How to complete this task: Retype only the lines below from the one with "In dit scherm" to the one with "公司于2002年通過ISO9", inclusive, skipping every image.
Supplied entries section start
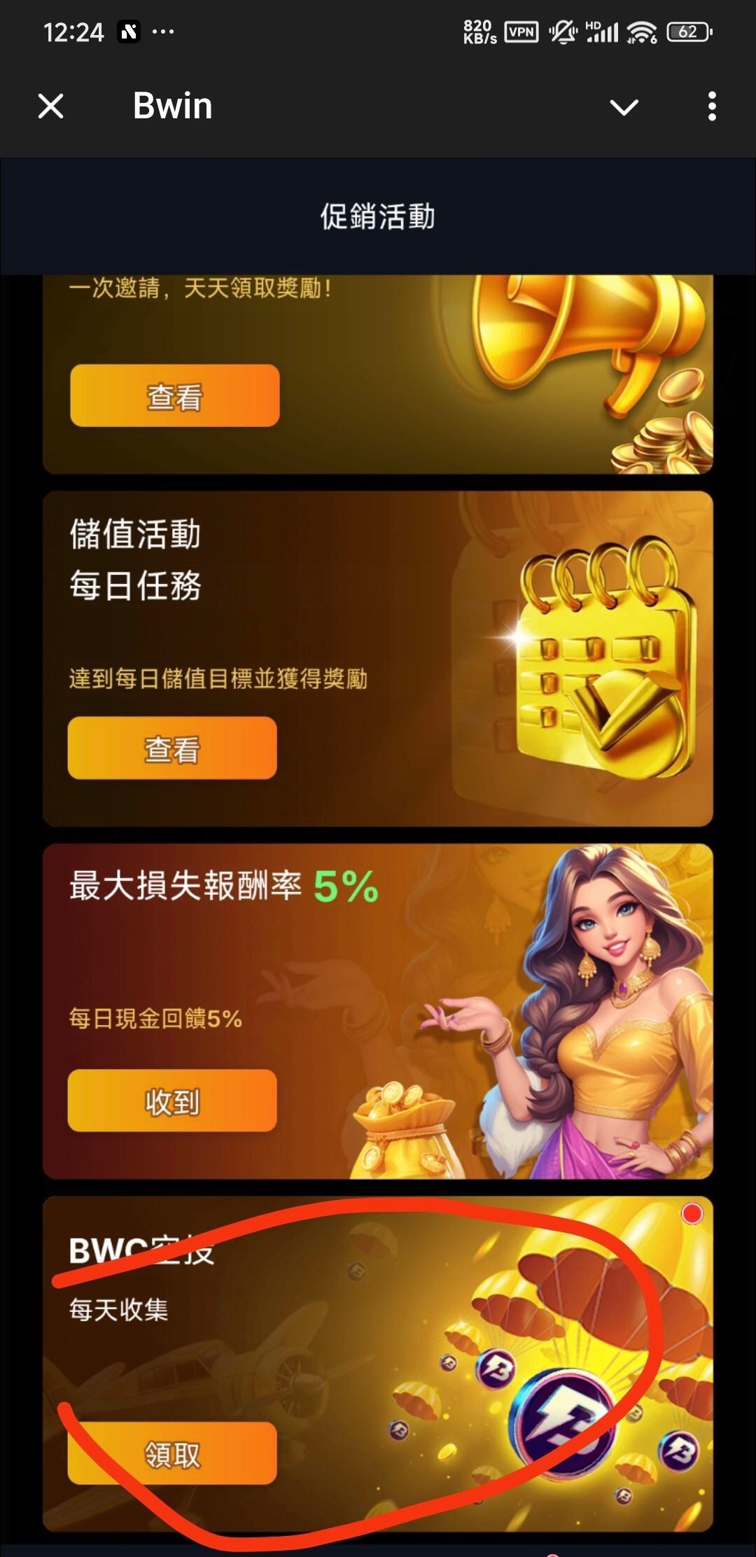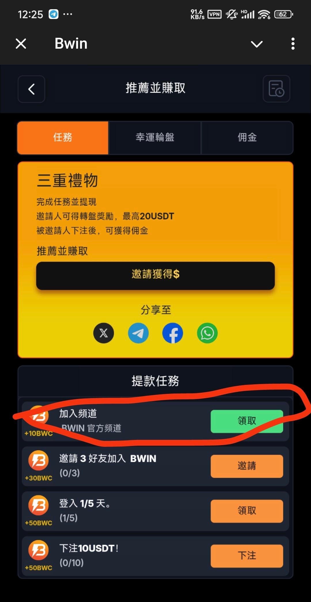 机器人@bwin,注册账号登录,点最下面促销活动,点第三个分享并赚取,然后加入频道返回领10,活动每日空投领3
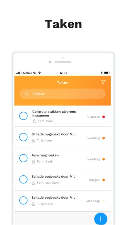 In dit scherm heeft u een overzicht van al uw taken.
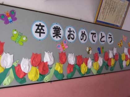 校内の掲示板も卒業を祝う飾りつけに変わり,卒業ムード一色になってきました。
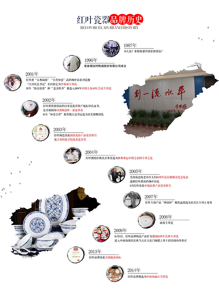 公司于2002年通過ISO9001:2000國際質(zhì)量體系認證,為拓展國際市場奠定基礎。"紅葉"牌高檔細瓷取得了國家質(zhì)量監(jiān)督檢驗檢疫總局頒發(fā)的原產(chǎn)地標記注冊證書。
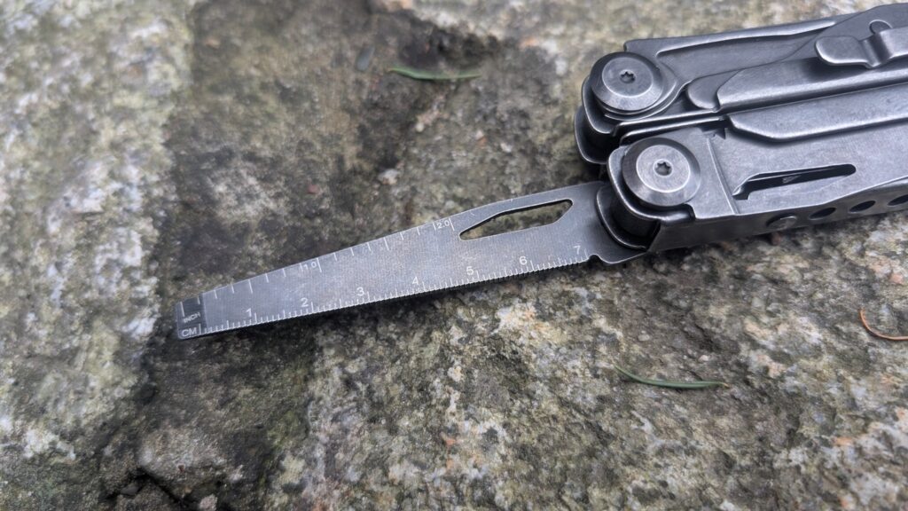 Na sąsiednim ramieniu znajduje się pilnik, zawierający także miarkę oraz śrubokręt płaski (stanowiący czubek pilnika). Nacięcia znajdują się zarówno na boku, jak i grzbiecie pilnika.
Supplied entries section end
Solved exercise:
 In dit scherm heeft u een overzicht van al uw taken.
 校内の掲示板も卒業を祝う飾りつけに変わり,卒業ムード一色になってきました。
 公司于2002年通過ISO9001:2000國際質(zhì)量體系認證,為拓展國際市場奠定基礎。"紅葉"牌高檔細瓷取得了國家質(zhì)量監(jiān)督檢驗檢疫總局頒發(fā)的原產(chǎn)地標記注冊證書。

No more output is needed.